氷翼号は、吹雪の壁を切り裂きながら大陸の中央平原へと躍り出た。
 背後には管理局の飛行艦が執拗に食らいつき、空を覆い尽くさんばかりの魔導の光が降り注いでいる。だが、ユノの意識はもはや追撃者にはなかった。彼女の耳には、列車が走る線路を通じて、大陸の隅々から届く「声」が響いていた。
「……届いている。みんなの冬が」
 ユノが車内放送で訴えた言葉は、管理局の通信網を逆流し、各地のラジオや公共スピーカー、果ては人々の枕元にある受信機にまで届いていた。
 それは、これまで「効率」や「幸福」という名の下に押し殺されてきた、人々の未練の叫びだった。
『父さん、あの時言えなかった「ありがとう」を、この雪に乗せて送るよ』
『十年前に死んだ飼い犬の毛並みを、まだ覚えているんだ。それを冬に返してもいいかな』
『失恋したあの夜の寒さを、もう一度だけ感じたい。そうすれば、私は明日から笑える気がする』
 無数の声が、銀色の糸となって氷翼号へと収束していく。
 大陸西部の港町では、海難事故で息子を亡くした父親が、海に向かって叫んでいた。
『行け! 俺のこのどうしようもない後悔も、冬の雪にしてくれ! そうすれば、あいつの墓に花を供えに行ける!』
 中央の学園都市では、かつて親友と絶交したまま卒業してしまった少女が、古い卒業アルバムを抱きしめていた。
『ごめんね、あの時素直になれなくて。私のこのちっぽけなプライドも、冬の中に溶かしてしまいたい』
 それらの想いは、目に見える銀色の奔流となって、大陸を横断する線路の上を走る氷翼号へと集まってくる。

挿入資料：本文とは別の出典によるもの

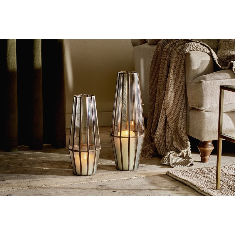 Tall and elegant, the distinctive shape of our Arar lantern will ensure it makes a stylish statement. The antique bronze finish is the perfect counterpart to the warm glow of candlelight. The upper section of the lantern is open-sided while the base is crafted from frosted glass, which softly diffuses candlelight and creates a beautiful ambience. The metal has been skillfully soldered around the glass using traditional tools, creating a striking and sophisticated product. Available in two sizes.

 客車内では、エララが窓を開け、婚約者への手紙を風に放った。手紙は空中で無数の光の粒となり、鳥籠の中へと吸い込まれていく。他の乗客たちも、大切に持っていた形見や、心の奥底に沈めていた古い写真を手に取り、次々と鳥籠へと捧げていった。ある老婦人は、亡き夫が愛用していた眼鏡を。ある青年は、夢を諦めた時に書いた未完成の楽譜を。
 鳥籠の中で渦巻く吹雪は、もはや狂暴な嵐ではなかった。それは、無数の命が紡いできた物語が織りなす、荘厳なオーロラのようだった。光は車両の壁を透過し、列車全体が巨大な銀色の繭に包まれたかのような幻想的な光景を作り出していた。